**Work item**
For each line below that holds the word "this", make a copy.

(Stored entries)
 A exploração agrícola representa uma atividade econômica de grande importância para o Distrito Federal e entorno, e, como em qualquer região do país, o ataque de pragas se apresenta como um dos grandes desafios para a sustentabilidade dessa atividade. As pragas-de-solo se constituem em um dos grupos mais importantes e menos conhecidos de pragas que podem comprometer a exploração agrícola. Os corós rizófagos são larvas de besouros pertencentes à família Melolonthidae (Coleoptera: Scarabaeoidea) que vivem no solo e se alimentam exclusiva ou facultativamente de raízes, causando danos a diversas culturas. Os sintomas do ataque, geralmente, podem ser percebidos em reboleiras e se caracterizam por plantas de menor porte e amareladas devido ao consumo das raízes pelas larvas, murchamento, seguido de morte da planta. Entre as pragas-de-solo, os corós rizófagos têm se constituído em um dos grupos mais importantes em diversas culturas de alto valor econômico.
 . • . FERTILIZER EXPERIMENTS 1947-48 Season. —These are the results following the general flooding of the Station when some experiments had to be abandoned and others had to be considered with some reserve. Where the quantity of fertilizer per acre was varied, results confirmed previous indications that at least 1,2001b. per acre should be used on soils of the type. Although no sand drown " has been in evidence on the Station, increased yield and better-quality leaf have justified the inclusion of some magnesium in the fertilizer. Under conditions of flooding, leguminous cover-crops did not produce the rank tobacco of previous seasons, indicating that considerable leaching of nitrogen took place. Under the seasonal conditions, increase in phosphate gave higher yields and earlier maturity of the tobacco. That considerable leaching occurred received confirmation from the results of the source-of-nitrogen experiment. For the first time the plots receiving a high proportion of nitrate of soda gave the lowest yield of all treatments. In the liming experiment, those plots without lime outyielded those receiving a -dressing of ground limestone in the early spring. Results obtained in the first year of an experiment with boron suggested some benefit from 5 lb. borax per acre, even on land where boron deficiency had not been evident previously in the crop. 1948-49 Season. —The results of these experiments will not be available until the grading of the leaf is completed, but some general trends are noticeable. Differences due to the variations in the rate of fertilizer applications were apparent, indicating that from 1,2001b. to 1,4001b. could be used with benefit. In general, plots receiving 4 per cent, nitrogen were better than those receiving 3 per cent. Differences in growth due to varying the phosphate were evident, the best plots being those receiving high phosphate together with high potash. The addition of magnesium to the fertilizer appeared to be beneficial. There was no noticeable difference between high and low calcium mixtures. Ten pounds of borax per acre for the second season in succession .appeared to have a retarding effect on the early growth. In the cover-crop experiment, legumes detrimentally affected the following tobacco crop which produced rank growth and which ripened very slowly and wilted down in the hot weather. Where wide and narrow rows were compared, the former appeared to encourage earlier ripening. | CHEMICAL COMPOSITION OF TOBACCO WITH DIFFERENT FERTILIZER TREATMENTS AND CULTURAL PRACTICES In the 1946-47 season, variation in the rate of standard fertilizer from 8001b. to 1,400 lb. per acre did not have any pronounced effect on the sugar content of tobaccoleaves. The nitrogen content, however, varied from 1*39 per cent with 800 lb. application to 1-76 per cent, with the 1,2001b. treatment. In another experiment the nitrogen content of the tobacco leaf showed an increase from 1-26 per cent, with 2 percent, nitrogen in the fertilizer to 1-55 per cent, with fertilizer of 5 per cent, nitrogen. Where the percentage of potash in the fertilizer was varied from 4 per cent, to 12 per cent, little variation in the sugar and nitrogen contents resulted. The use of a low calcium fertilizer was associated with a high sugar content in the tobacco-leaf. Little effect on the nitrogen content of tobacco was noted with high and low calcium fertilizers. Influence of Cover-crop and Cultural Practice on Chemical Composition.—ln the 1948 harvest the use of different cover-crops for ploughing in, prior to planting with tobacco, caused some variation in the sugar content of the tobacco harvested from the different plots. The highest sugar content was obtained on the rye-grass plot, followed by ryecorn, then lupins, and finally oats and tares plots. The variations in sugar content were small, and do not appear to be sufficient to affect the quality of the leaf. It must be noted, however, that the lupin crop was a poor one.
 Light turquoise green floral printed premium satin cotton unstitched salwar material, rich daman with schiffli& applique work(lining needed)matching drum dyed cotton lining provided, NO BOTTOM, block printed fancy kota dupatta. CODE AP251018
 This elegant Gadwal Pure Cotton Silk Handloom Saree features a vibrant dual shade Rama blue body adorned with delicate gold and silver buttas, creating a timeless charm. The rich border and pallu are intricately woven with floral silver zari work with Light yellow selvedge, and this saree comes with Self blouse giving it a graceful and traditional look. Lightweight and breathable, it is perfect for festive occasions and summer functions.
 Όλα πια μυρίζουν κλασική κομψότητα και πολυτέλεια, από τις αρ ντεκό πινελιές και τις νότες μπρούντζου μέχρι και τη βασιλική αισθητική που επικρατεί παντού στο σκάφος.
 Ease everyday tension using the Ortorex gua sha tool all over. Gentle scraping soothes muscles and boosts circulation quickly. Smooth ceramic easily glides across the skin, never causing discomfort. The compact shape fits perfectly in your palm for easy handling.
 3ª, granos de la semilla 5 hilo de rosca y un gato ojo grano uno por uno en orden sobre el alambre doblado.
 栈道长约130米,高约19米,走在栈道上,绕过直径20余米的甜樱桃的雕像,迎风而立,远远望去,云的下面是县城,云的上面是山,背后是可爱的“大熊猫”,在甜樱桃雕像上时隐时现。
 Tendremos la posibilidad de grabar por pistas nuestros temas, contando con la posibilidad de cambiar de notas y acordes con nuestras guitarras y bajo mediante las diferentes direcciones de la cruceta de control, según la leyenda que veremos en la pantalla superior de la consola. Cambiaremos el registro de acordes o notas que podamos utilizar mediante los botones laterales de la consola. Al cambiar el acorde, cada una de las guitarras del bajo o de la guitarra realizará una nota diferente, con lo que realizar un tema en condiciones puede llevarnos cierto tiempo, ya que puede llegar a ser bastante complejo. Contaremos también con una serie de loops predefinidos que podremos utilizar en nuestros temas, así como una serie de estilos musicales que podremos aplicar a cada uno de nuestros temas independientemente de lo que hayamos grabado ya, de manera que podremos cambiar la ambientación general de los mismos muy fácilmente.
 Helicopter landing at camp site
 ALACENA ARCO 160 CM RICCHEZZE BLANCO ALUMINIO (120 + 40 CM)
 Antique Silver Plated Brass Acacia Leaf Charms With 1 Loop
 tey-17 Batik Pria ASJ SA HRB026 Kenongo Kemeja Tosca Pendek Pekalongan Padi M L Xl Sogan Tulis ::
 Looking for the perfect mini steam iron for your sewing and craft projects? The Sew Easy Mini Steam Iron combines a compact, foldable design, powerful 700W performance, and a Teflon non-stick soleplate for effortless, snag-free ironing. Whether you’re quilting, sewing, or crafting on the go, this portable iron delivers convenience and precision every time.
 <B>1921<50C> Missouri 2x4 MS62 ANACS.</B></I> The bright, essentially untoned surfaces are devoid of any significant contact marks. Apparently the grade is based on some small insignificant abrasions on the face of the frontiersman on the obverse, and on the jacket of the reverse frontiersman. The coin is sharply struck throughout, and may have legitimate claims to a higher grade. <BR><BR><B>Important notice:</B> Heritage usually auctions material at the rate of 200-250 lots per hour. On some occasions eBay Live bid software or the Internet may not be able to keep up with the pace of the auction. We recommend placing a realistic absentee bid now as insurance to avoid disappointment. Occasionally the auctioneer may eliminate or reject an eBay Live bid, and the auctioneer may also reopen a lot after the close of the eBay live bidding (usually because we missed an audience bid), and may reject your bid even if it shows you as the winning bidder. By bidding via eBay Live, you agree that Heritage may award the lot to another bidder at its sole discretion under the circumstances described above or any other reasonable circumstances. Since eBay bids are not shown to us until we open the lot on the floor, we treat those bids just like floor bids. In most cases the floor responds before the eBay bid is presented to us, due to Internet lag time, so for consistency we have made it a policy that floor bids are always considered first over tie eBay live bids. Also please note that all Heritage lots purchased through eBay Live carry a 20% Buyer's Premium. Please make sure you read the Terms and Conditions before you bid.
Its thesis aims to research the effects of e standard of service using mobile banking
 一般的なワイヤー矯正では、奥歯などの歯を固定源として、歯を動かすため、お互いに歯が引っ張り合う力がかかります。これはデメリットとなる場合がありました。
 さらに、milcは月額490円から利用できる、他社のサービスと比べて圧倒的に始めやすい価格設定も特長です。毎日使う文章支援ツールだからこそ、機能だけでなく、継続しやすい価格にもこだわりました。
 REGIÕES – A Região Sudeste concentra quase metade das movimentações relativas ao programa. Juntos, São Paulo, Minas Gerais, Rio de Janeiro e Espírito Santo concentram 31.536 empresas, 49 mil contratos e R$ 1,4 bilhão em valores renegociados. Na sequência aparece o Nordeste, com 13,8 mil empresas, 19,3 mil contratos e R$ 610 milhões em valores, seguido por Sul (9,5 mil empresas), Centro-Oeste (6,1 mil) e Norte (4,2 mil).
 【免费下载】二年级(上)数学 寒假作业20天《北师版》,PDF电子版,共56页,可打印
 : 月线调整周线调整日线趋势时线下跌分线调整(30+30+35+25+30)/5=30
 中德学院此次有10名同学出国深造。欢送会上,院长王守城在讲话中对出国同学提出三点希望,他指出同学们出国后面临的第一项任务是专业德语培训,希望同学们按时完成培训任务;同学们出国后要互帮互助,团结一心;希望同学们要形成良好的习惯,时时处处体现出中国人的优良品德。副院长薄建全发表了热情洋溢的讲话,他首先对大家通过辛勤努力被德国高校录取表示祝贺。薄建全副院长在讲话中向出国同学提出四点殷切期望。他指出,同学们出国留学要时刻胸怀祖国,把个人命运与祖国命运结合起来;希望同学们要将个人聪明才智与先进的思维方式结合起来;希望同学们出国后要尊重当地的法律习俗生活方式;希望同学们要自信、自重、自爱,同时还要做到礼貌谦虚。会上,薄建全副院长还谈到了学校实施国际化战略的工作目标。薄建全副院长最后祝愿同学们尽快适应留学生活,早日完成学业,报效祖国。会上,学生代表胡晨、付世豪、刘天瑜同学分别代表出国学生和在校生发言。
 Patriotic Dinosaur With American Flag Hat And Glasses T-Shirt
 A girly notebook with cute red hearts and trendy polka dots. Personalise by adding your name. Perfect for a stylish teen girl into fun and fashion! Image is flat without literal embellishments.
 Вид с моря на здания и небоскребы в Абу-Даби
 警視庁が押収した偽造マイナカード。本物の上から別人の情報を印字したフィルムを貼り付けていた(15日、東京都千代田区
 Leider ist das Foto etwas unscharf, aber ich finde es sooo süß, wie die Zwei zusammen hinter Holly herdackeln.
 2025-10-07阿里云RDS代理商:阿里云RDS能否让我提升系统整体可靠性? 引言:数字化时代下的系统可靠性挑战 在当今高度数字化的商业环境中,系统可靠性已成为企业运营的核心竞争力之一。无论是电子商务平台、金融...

**Output below**
 This elegant Gadwal Pure Cotton Silk Handloom Saree features a vibrant dual shade Rama blue body adorned with delicate gold and silver buttas, creating a timeless charm. The rich border and pallu are intricately woven with floral silver zari work with Light yellow selvedge, and this saree comes with Self blouse giving it a graceful and traditional look. Lightweight and breathable, it is perfect for festive occasions and summer functions.
 Looking for the perfect mini steam iron for your sewing and craft projects? The Sew Easy Mini Steam Iron combines a compact, foldable design, powerful 700W performance, and a Teflon non-stick soleplate for effortless, snag-free ironing. Whether you’re quilting, sewing, or crafting on the go, this portable iron delivers convenience and precision every time.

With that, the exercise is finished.